▸ Listed records
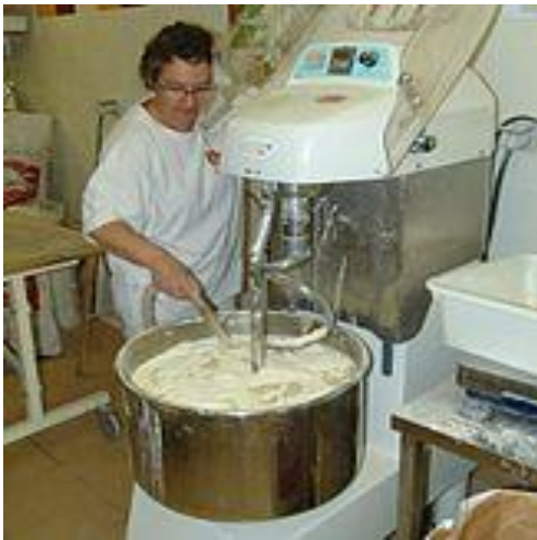
MELANGER LA PÂTE
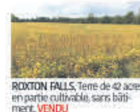
ROXTON FALLS , Terre de 42 acres, en partie cultivable, sans bâtiment, VENDU
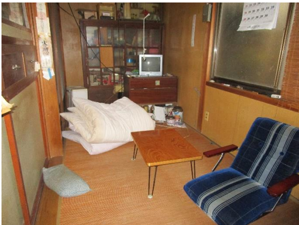
1階 和室 4
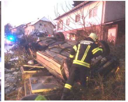
2x Autounfall auf der Altenbergerstraße im November
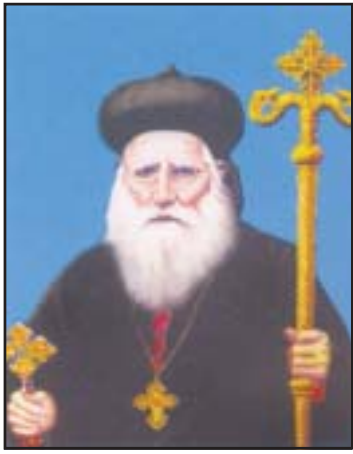
പരിശുദ്ധ സ്ത്രീബാ മോർ സെന്താത്തിയോസ് (മാർച്ച് 19)
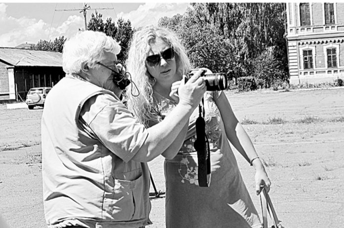
Архирейское подворье, г. Бийск.
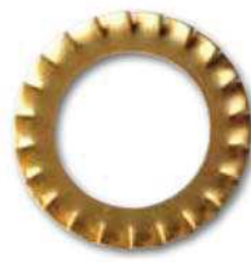
DIN 6798 A
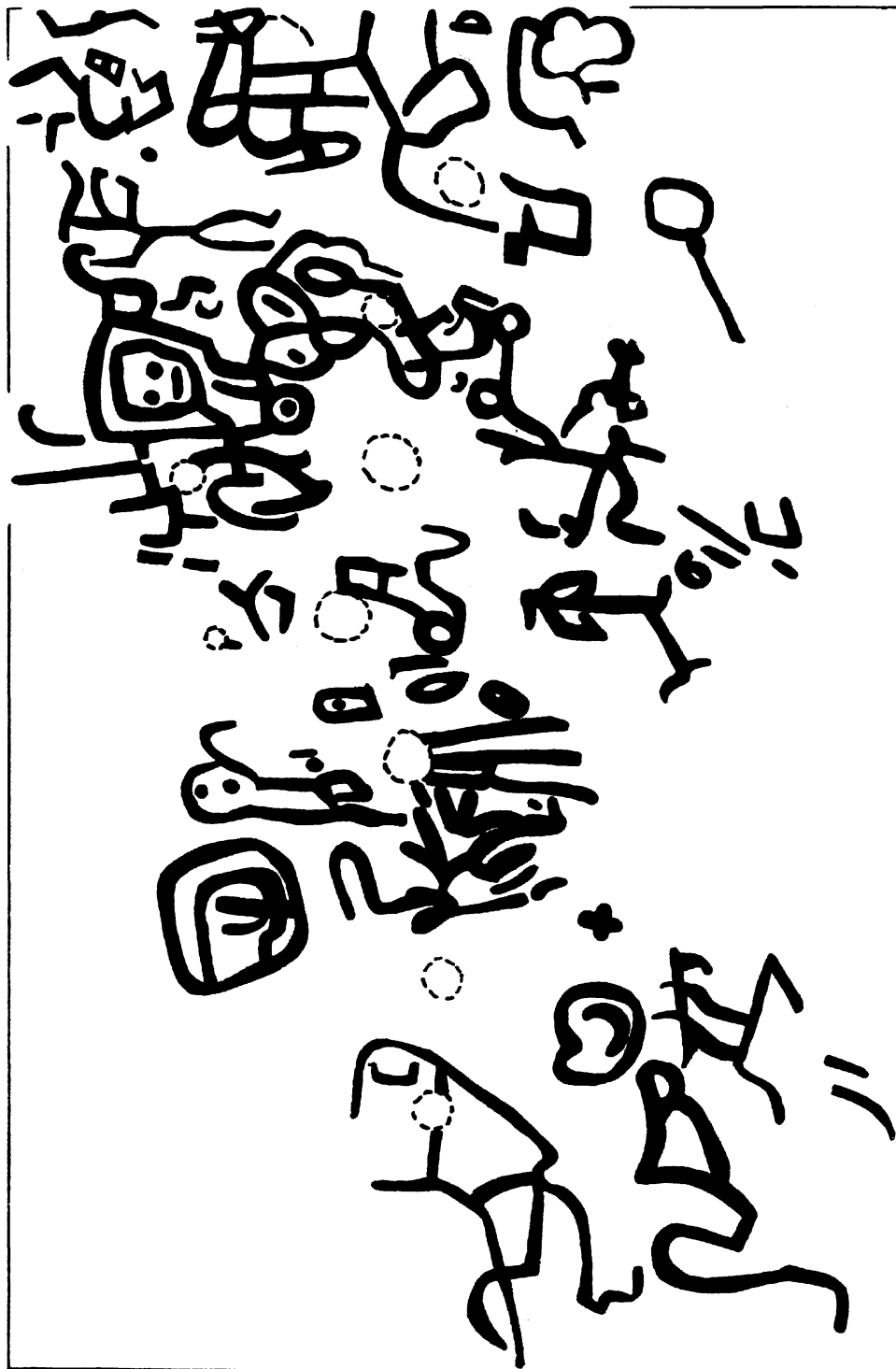
Fig. 1. Este dibujo demuestra el sector central de los petrograbados del Río Titihuapa.
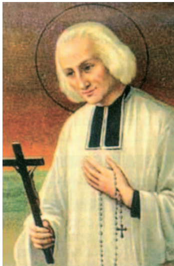
Sant Joan Maria Vianney

No desconeixem defectes i fragilitats en capellans i bisbes, però haurem de reconèixer amb admiració i agraïment els esforços apostòlics de la immensa majoria d'ells, el servei infatigable i amagat i els mil actes d'aquella caritat que no exclou ningú. Donem gràcies per la fidelitat entusiasta de tants d'ells que, malgrat les dificultats i incomprensions, perseveren en la seva vocació d'«amics del Crist», cridats personalment, elegits i enviats per Ell. Segur que tots hem conegut algun mossèn que portem al cor de manera especialíssima i que ha estat per a nosaltres un exemple d'entrega sense reserves, ben compromès molt generosament en l'exercici ordinari del seu ministeri.
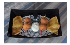
Restaurante La Gamba Loca en Órzola: Todos los días, de 10:00 a 19:00 horas. Tapa: Croquetas de higos y queso ahumado.
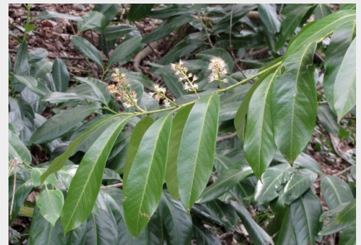
Le Baccharis.
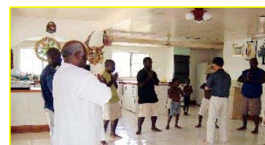
南太平洋岛国—巴布亚新几内亚前副总理及家人学炼法轮功。
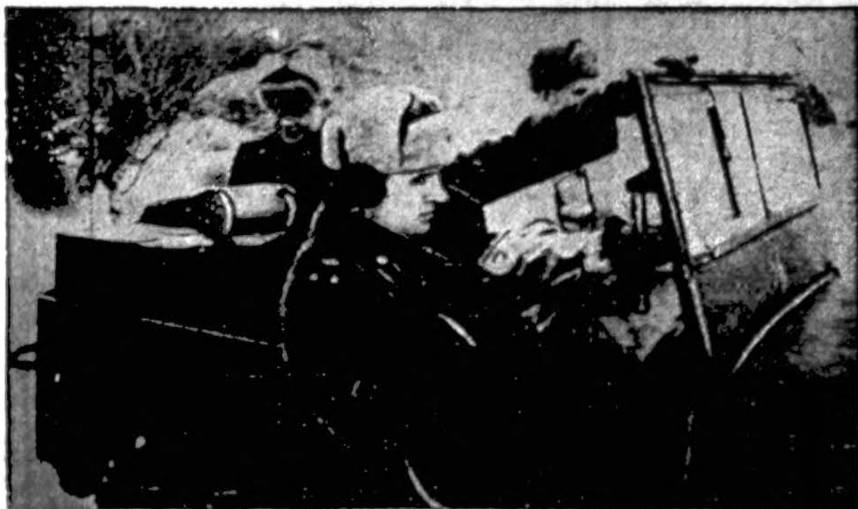
Vienas Sov. Rusijos kariuomenės vadų, važinėdamas jeapu, vadovauja kariuomenei Korskun rajone, kur, sakoma, rusai buvo apsupę ir sunaikinę dešimtis tūkstančių vokiečių, ir kuri šiuo metu skina kelią į Pskovą ir Latviją.

"LAIVAS" 2334 S. Oakley Ave., Chicago, Ill.
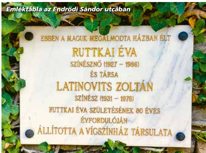
Emléktábla az Endrődi Sándor utcában
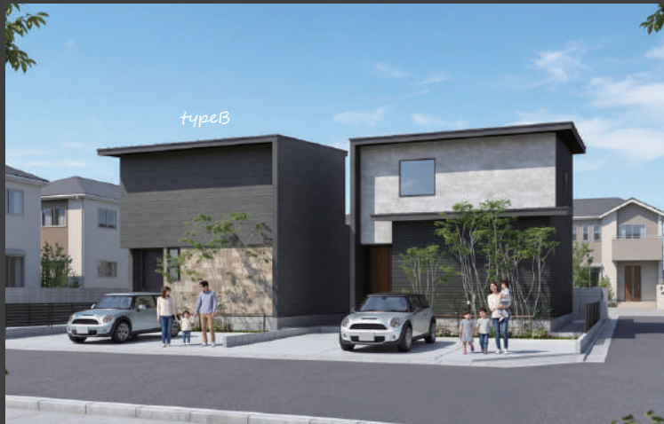
※外構や植栽などは全てイメージです。実際とは異なります。
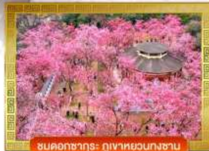
ชมดอกซากุระ ภูเขาหยวนกงซาน
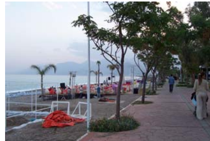
Beach Park Konyaaltı
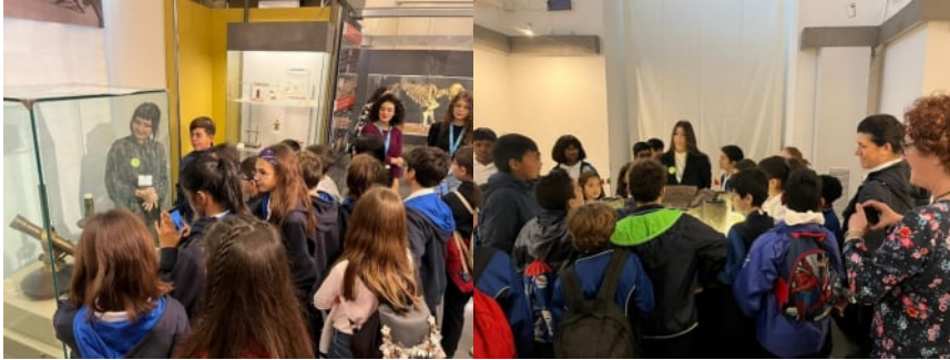
Fig. 2-3: Apprendisti Ciceroni del Liceo Artistico "Emilio Greco" conducono le visite guidate spiegando le sale delle collezioni e dei plastici agli studenti più piccoli.

coinvolti grazie all'iniziativa delle Giornate FAI per le Scuole promossa dall'associazione Fondo Ambiente Italiano (figg. 2-3).
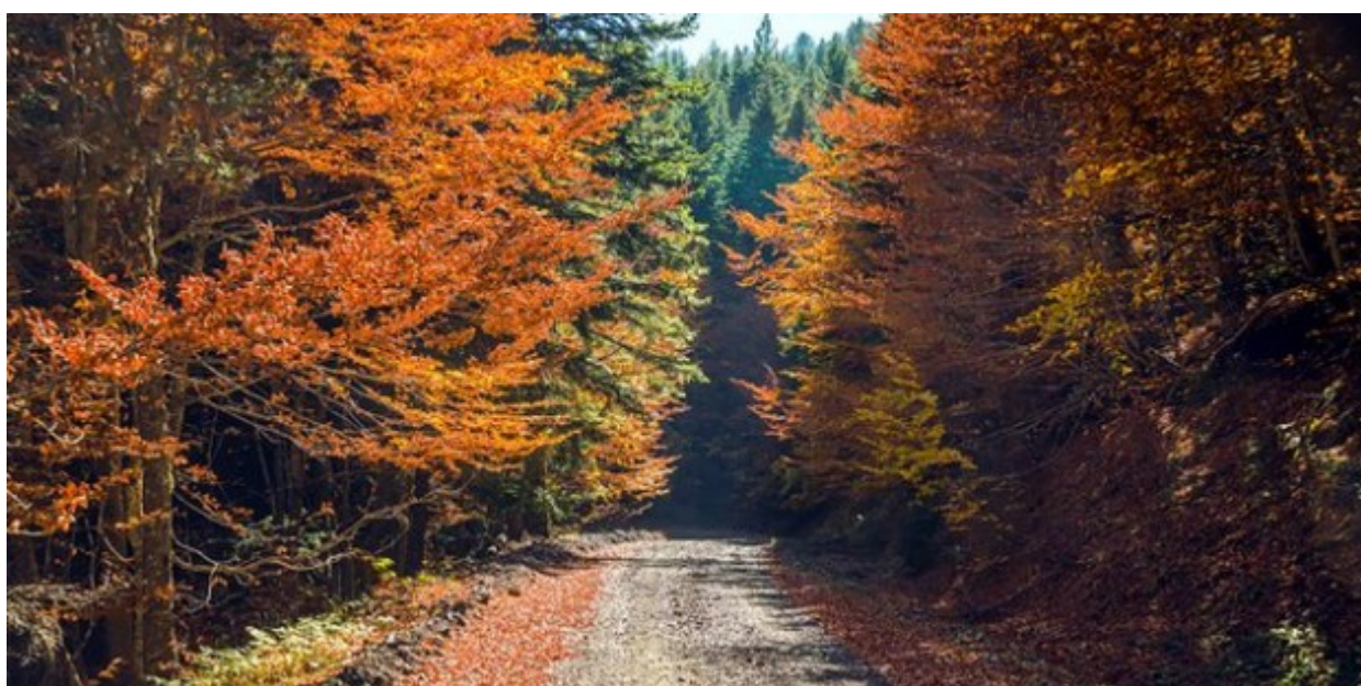
Η Βάλια Κάλντα, κοντά στα Γρεβενά

▸ The problem
Would you restate word for word only the lines from the one containing "Le Baccharis." to the final line of the material, both ends included, without any pictures?

▸ Completed exercise
Le Baccharis.
南太平洋岛国—巴布亚新几内亚前副总理及家人学炼法轮功。
Vienas Sov. Rusijos kariuomenės vadų, važinėdamas jeapu, vadovauja kariuomenei Korskun rajone, kur, sakoma, rusai buvo apsupę ir sunaikinę dešimtis tūkstančių vokiečių, ir kuri šiuo metu skina kelią į Pskovą ir Latviją.

"LAIVAS" 2334 S. Oakley Ave., Chicago, Ill.
Emléktábla az Endrődi Sándor utcában
※外構や植栽などは全てイメージです。実際とは異なります。
ชมดอกซากุระ ภูเขาหยวนกงซาน
Beach Park Konyaaltı
Fig. 2-3: Apprendisti Ciceroni del Liceo Artistico "Emilio Greco" conducono le visite guidate spiegando le sale delle collezioni e dei plastici agli studenti più piccoli.

coinvolti grazie all'iniziativa delle Giornate FAI per le Scuole promossa dall'associazione Fondo Ambiente Italiano (figg. 2-3).
Η Βάλια Κάλντα, κοντά στα Γρεβενά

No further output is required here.